- WHAT YOU HAVE TO DO -
All lines from the one containing "Inclui banheiros, lavabos, suítes" down to the one containing "Look closely and", both ends included, are to be given again exactly; omit the rest of the listing below.

- SOURCE MATERIAL -
^^^^^^^^
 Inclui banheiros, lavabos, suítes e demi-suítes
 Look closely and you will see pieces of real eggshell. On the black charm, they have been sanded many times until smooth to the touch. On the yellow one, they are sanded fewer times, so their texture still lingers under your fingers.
^^^^^^^^
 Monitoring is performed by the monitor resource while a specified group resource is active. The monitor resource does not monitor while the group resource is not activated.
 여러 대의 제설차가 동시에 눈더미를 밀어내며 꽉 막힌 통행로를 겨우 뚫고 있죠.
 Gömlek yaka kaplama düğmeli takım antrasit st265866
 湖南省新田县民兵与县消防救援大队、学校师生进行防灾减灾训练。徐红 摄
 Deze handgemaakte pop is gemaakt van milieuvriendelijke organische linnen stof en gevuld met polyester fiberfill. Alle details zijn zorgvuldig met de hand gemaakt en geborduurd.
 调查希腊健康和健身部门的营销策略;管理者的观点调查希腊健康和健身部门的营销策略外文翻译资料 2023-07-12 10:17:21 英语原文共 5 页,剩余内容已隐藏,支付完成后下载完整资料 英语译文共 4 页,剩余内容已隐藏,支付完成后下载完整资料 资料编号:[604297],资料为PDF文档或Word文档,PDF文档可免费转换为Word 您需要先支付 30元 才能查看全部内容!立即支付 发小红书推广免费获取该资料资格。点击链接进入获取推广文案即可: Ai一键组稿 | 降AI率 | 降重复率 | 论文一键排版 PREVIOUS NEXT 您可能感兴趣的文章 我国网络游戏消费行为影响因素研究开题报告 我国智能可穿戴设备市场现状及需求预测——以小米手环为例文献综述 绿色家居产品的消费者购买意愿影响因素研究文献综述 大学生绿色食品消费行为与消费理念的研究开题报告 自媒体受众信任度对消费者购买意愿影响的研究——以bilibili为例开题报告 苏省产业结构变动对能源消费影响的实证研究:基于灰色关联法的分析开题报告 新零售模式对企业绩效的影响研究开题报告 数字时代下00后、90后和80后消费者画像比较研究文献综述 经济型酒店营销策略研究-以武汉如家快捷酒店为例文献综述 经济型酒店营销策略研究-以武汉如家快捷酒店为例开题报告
^^^^^^^^
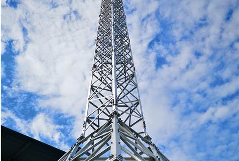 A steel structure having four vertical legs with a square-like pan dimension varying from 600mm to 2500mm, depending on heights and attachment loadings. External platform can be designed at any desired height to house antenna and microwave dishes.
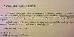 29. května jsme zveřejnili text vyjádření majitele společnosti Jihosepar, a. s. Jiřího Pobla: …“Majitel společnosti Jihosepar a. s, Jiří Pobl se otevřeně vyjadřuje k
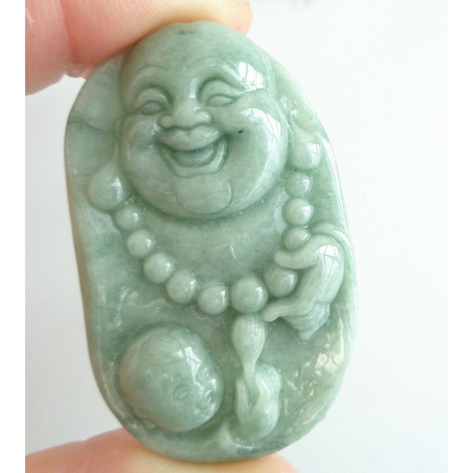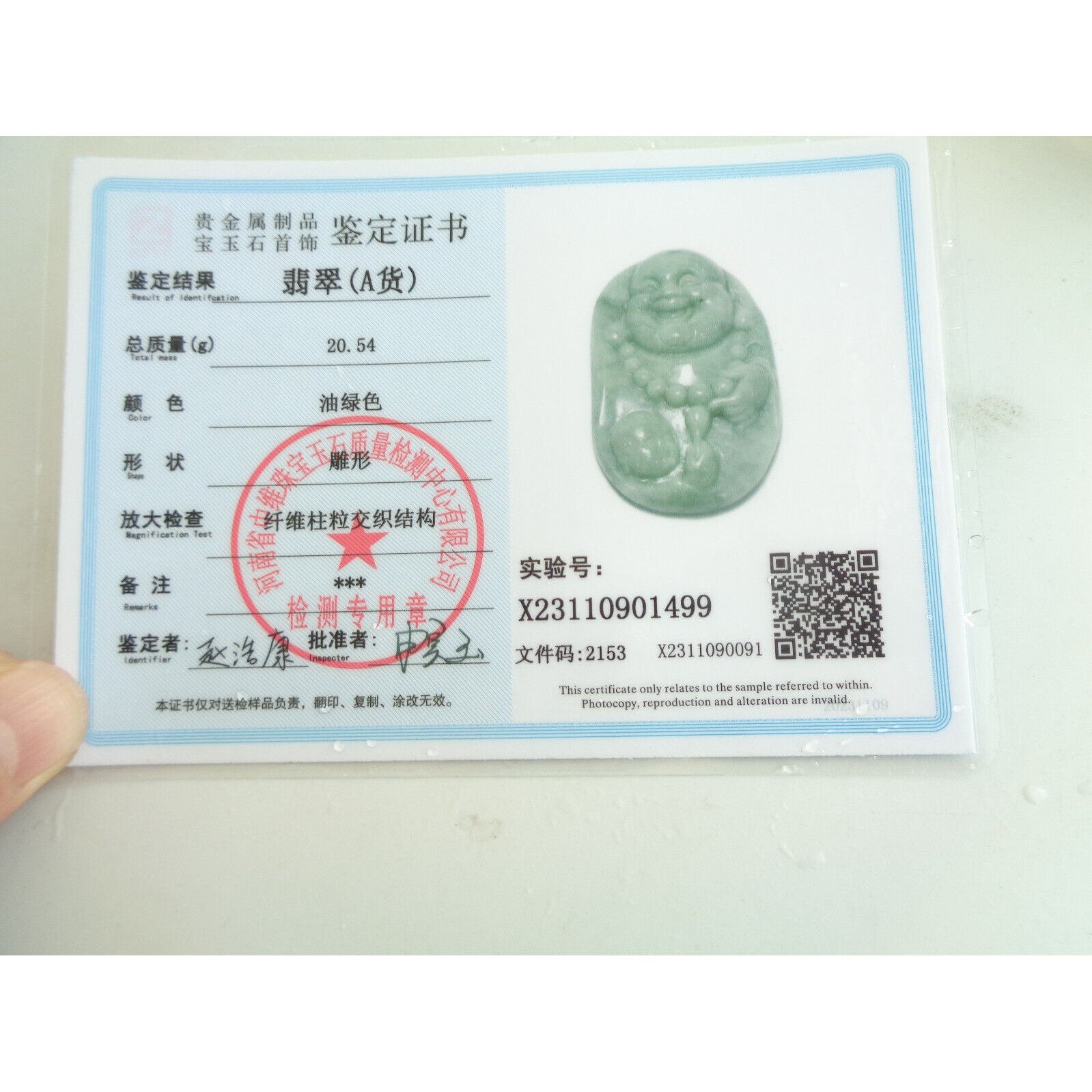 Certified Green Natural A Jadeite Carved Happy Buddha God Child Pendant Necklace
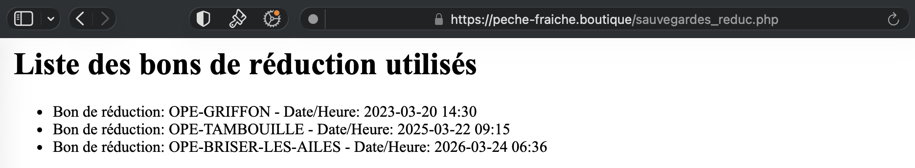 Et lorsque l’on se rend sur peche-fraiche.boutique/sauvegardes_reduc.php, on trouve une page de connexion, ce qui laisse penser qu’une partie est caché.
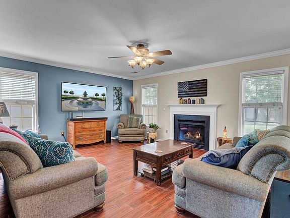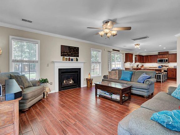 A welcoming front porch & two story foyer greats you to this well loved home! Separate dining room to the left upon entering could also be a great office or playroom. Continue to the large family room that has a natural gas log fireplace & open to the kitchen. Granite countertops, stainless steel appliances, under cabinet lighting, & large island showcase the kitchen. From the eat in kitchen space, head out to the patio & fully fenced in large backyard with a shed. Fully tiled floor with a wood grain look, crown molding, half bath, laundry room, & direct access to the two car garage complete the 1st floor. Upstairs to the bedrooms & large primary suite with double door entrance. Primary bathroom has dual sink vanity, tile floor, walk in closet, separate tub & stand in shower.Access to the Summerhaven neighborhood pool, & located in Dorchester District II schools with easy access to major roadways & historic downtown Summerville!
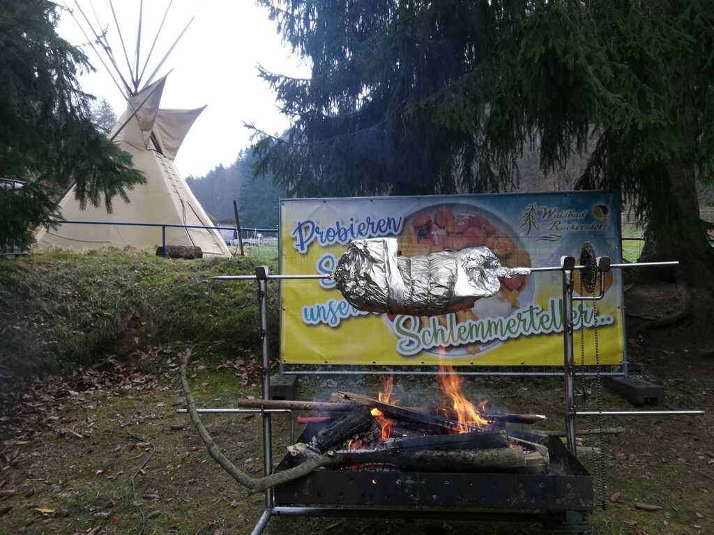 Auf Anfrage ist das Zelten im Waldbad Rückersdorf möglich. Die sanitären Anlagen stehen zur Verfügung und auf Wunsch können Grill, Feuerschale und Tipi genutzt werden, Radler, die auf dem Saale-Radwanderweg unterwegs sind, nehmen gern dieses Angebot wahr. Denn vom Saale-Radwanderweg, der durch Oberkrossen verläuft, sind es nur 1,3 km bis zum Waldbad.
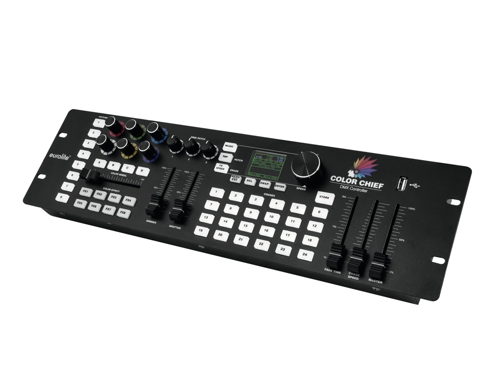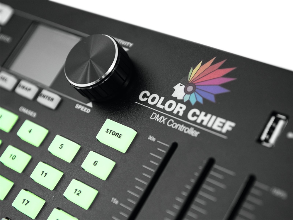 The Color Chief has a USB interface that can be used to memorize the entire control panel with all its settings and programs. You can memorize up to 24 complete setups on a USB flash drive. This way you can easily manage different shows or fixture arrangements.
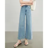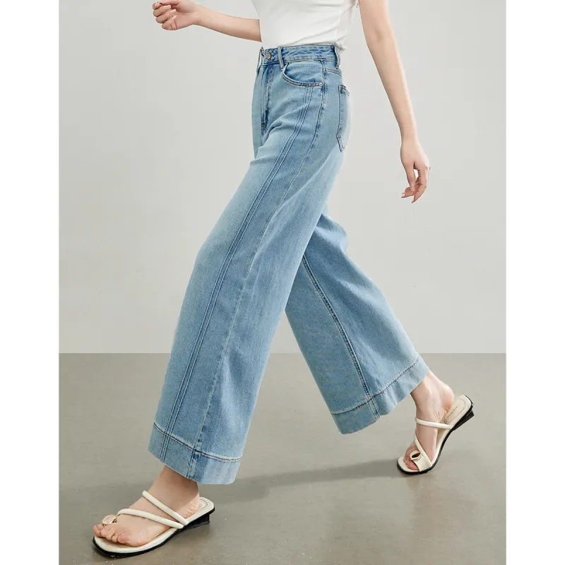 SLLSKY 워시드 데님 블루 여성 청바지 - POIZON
^^^^^^^^
- OUTPUT OF THE TASK -
 Inclui banheiros, lavabos, suítes e demi-suítes
 Look closely and you will see pieces of real eggshell. On the black charm, they have been sanded many times until smooth to the touch. On the yellow one, they are sanded fewer times, so their texture still lingers under your fingers.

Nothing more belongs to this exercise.